THE DATA
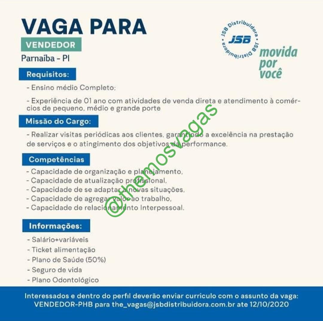 – Interessados(as) e que atendam ao perfil solicitado acima, devem enviar o currículo até 12/10/2020 para o e-mail the_vagas@jsbdistribuidora.com.br contendo no título/assunto “Vendedor – PHB
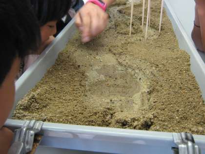 理科で,流れる水のはたらきを学習しています。流れる水の様子を,川の模型を作って観察しました。すると,カーブの内側と外側で違いが見られました。内側は流れが遅く土砂がたまりました。逆に,外側は流れが速いため削られる様子が観察できました。これは,実際の川でも同じことがいえることが,川の写真から確認できました。自分たちの目でちがいを確認でき,よい学習になりました。
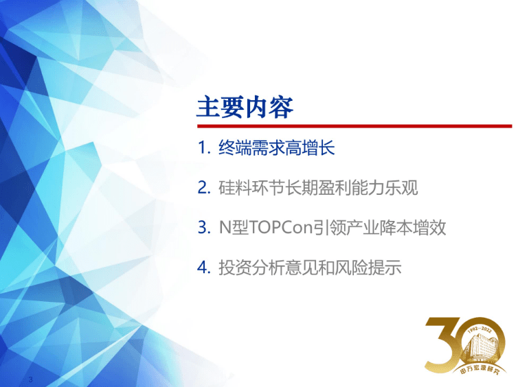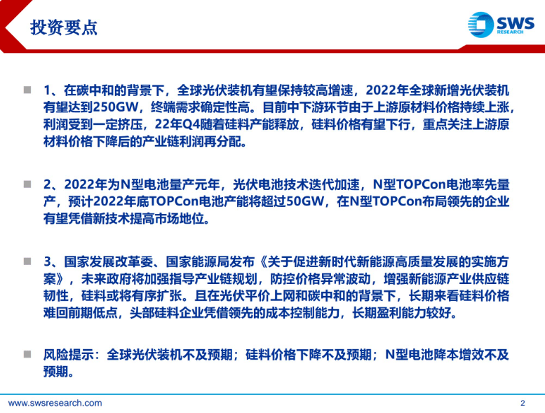 在碳中和的背景下,全球光伏装机有望保持较高增速,2022年全球新增光伏装机有望达到250GW,终端需求确定性高。目前中下游环节由于上游原材料价格持续上涨,利润受到一定挤压,22年Q4随着硅料产能释放,硅料价格有望下行,重点关注上游原材料价格下降后的产业链利润再分配。
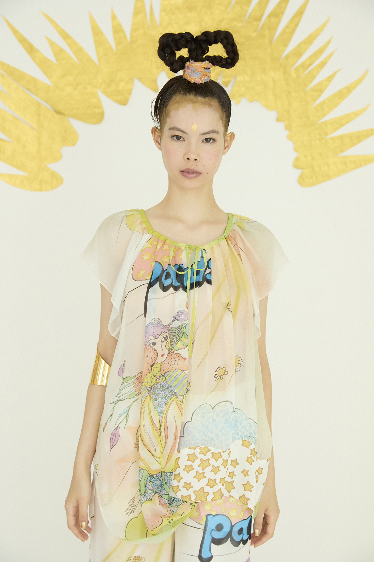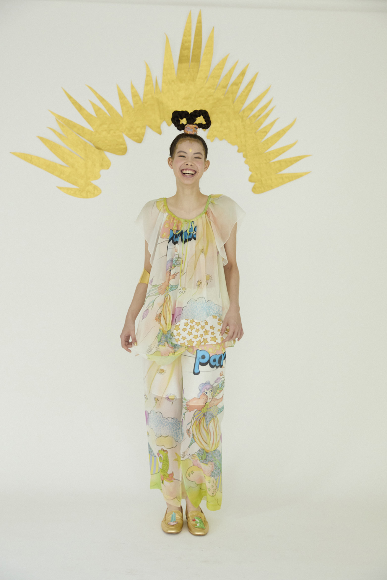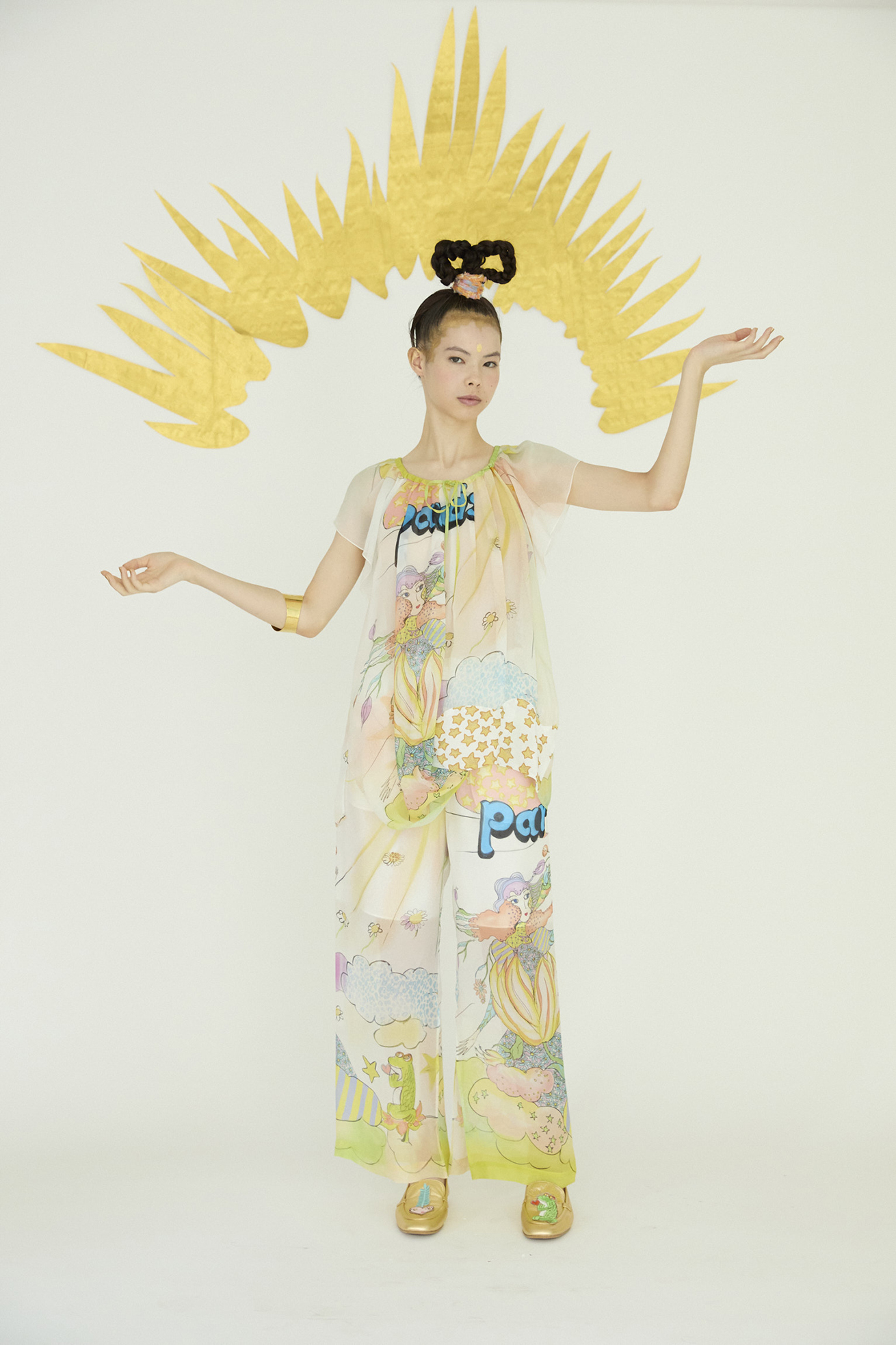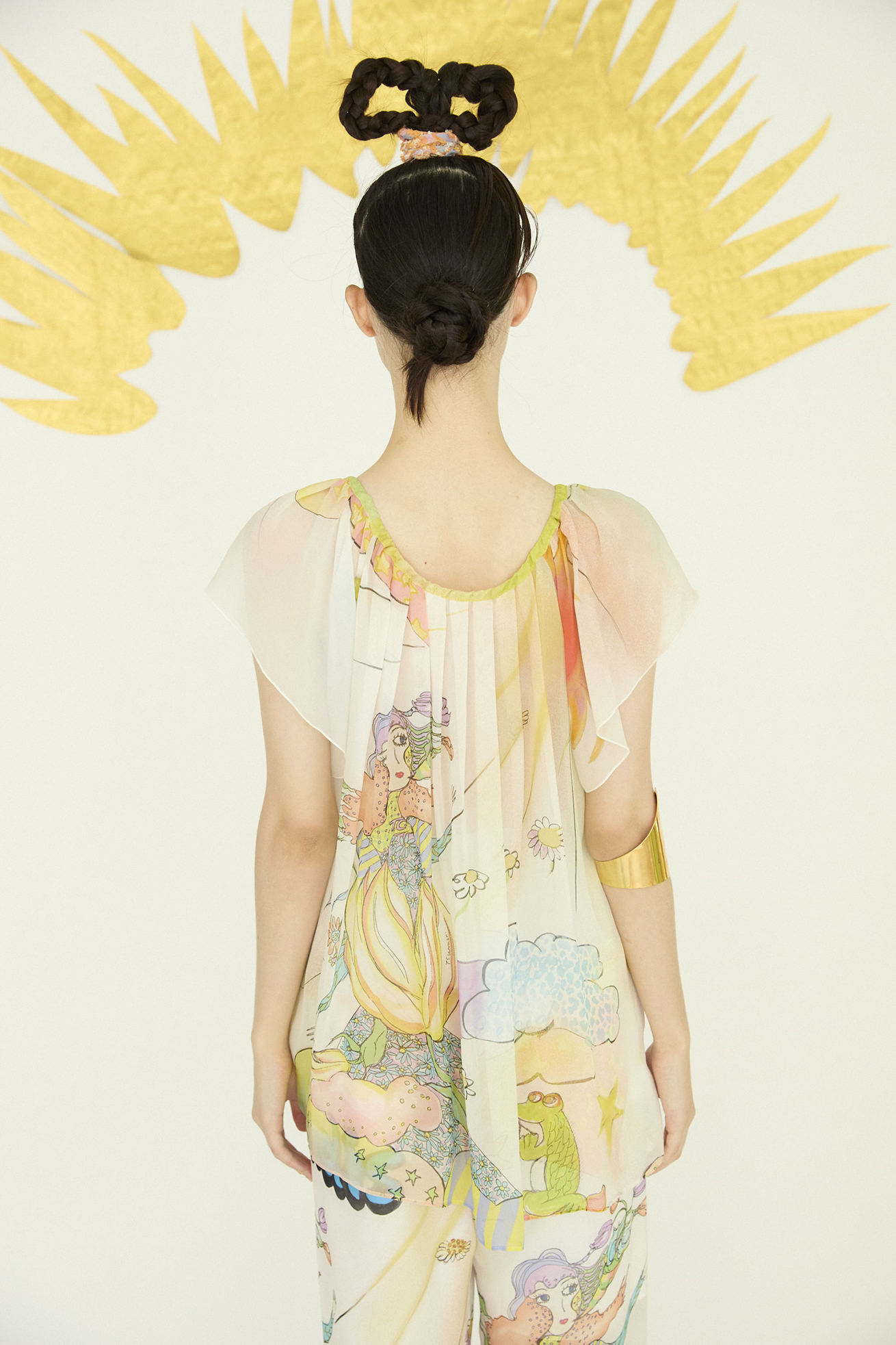 Bloom girl、裾にはくも型にCat star生地を合わせた定番の半袖ブラウス。 シルクシフォンのとろみのある生地の特徴を活かしたドレープが綺麗なアイテムです。 襟ぐりのヒモで首周りの開きを調整できます。 〈Bloom girl〉 花を咲かせるパワーを持ったBloom girl。たくさんの花がふわふわと舞って空に浮かんでいく。蓮の花の上のカエル、Paradisの文字。優しく光る太陽。空に浮かぶ雲と一緒にふわふわと浮かんでいるような花の楽園をイメージして、繊細なカラーをインクジェットプリントで表現しました。透け感のあるシルクシフォンに中国でプリントしています。 〈Cat star〉 大小たくさんの星たちの中に、よく見るとネコ型の星がキラキラ。集まったり散らばったりしながらキラキラ輝く星たちをグリッターと染料のハンドプリントで表現しました。ハンドプリントならではのプリント表現、グリッタープリントが特別感のあるかわいいテキスタイルです。透け感のあるコットンシルクローンにプリントしています。横浜でプリント加工をしています。 ※着用モデル身長:170cm ※着用サイズ: 2(M) ※当サイトの商品は実店舗と在庫を共有しており、ご注文完了後に商品を確保できない場合がございます。 その際、改めてキャンセルまたは数量変更のメールをお送りいたします。何卒ご了承いただけますと幸いです。

EXERCISE OBJECTIVE
Every line above goes into the copy unchanged; the pictures do not.

RESPONSE TO THIS TASK
 – Interessados(as) e que atendam ao perfil solicitado acima, devem enviar o currículo até 12/10/2020 para o e-mail the_vagas@jsbdistribuidora.com.br contendo no título/assunto “Vendedor – PHB
 理科で,流れる水のはたらきを学習しています。流れる水の様子を,川の模型を作って観察しました。すると,カーブの内側と外側で違いが見られました。内側は流れが遅く土砂がたまりました。逆に,外側は流れが速いため削られる様子が観察できました。これは,実際の川でも同じことがいえることが,川の写真から確認できました。自分たちの目でちがいを確認でき,よい学習になりました。
 在碳中和的背景下,全球光伏装机有望保持较高增速,2022年全球新增光伏装机有望达到250GW,终端需求确定性高。目前中下游环节由于上游原材料价格持续上涨,利润受到一定挤压,22年Q4随着硅料产能释放,硅料价格有望下行,重点关注上游原材料价格下降后的产业链利润再分配。
 Bloom girl、裾にはくも型にCat star生地を合わせた定番の半袖ブラウス。 シルクシフォンのとろみのある生地の特徴を活かしたドレープが綺麗なアイテムです。 襟ぐりのヒモで首周りの開きを調整できます。 〈Bloom girl〉 花を咲かせるパワーを持ったBloom girl。たくさんの花がふわふわと舞って空に浮かんでいく。蓮の花の上のカエル、Paradisの文字。優しく光る太陽。空に浮かぶ雲と一緒にふわふわと浮かんでいるような花の楽園をイメージして、繊細なカラーをインクジェットプリントで表現しました。透け感のあるシルクシフォンに中国でプリントしています。 〈Cat star〉 大小たくさんの星たちの中に、よく見るとネコ型の星がキラキラ。集まったり散らばったりしながらキラキラ輝く星たちをグリッターと染料のハンドプリントで表現しました。ハンドプリントならではのプリント表現、グリッタープリントが特別感のあるかわいいテキスタイルです。透け感のあるコットンシルクローンにプリントしています。横浜でプリント加工をしています。 ※着用モデル身長:170cm ※着用サイズ: 2(M) ※当サイトの商品は実店舗と在庫を共有しており、ご注文完了後に商品を確保できない場合がございます。 その際、改めてキャンセルまたは数量変更のメールをお送りいたします。何卒ご了承いただけますと幸いです。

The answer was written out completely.